Captive Coalition Blog

How Do I Explain the Calculator Results to a Client?

Written by Warren Cleveland | Apr 14, 2026 12:27:20 PM

My client looked at the calculator results and asked me to explain what the numbers actually mean. Walk me through how to interpret the output.

The calculator was built from frustration. Warren couldn't get a quick read on a prospect without sending over a full submission and waiting. So he built a tool that gives you the picture in minutes. Here's how to read what it produces and how to explain it to your client.

The output is built around three things. What your client could have kept in underwriting profit. What they could have earned in investment income on their collateral. And what their maximum out-of-pocket exposure would have looked like in a bad year. Together, those three numbers tell the story of whether a captive makes financial sense for this particular client.

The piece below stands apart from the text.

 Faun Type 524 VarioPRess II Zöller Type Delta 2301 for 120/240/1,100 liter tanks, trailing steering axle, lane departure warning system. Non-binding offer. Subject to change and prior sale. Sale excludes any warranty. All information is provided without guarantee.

The underwriting profit is the headline number. It's the money left over after claims and expenses. In the traditional market that money goes to the carrier. In a captive, it stays with your client. The calculator estimates that figure based on the premium and loss numbers you entered. It's not a guarantee. It's a projection grounded in their actual history. If your client has clean losses, this number will be meaningful. If their losses are high, it won't look as attractive, and that's the calculator doing its job.

The investment income number is lower, but worth pointing out. The money sitting in the loss fund and the collateral account earns a return while it waits to pay claims. Your client has never seen that benefit before. In the traditional market, investment income goes to the carrier, too. Here it belongs to your client.

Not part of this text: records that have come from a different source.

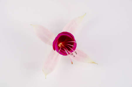blooming beautiful twig of purple and white fuchsia flower is isolated on white background, `Holly`s Beauty`, closeup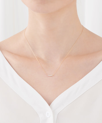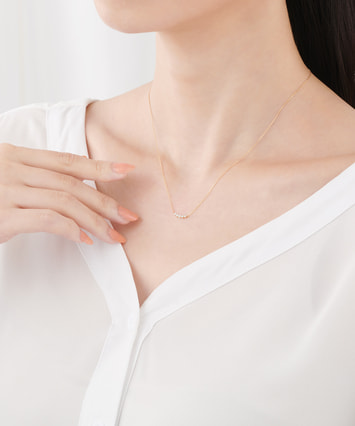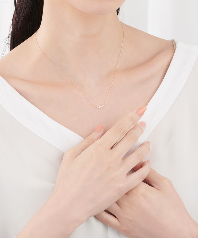 ダイアモンドの光だけが輝くように小さな爪でセッティングしたネックレスは、デコルテを美しく彩ります。
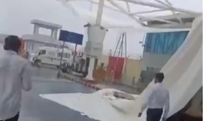 بھارت کی ریاست گجرات کے شہر راج کوٹ میں آج صبح ایئر پورٹ کے باہر مسافروں کے پک اینڈ ڈراپ ایریا کی چھت گرگئی۔ اس حادثے میں کوئی زخمی نہیں ہوا۔ تاہم بی جے پی اور کانگریس میں ٹھن گئی ہے۔

The maximum out-of-pocket number is the one that makes some clients nervous. It represents the worst-case financial commitment in a bad year. You want to show this number proactively. Don't let your client find it on their own. Walk them to it and explain what it means. This is the most you would ever be asked to contribute in a single year. It's not typical. It's the ceiling, not the floor. And it's capped by design.

How to frame the conversation. You're not showing them a guaranteed return. You're showing them what's possible based on how they've actually performed. The business that has run clean operations for five years and keeps writing checks to a carrier that never gives anything back is exactly the client this tool was built for. That number you're circling is what they've been subsidizing by covering someone else's poor performance.

That's usually when the conversation gets interesting.

It's always your client. Never ours.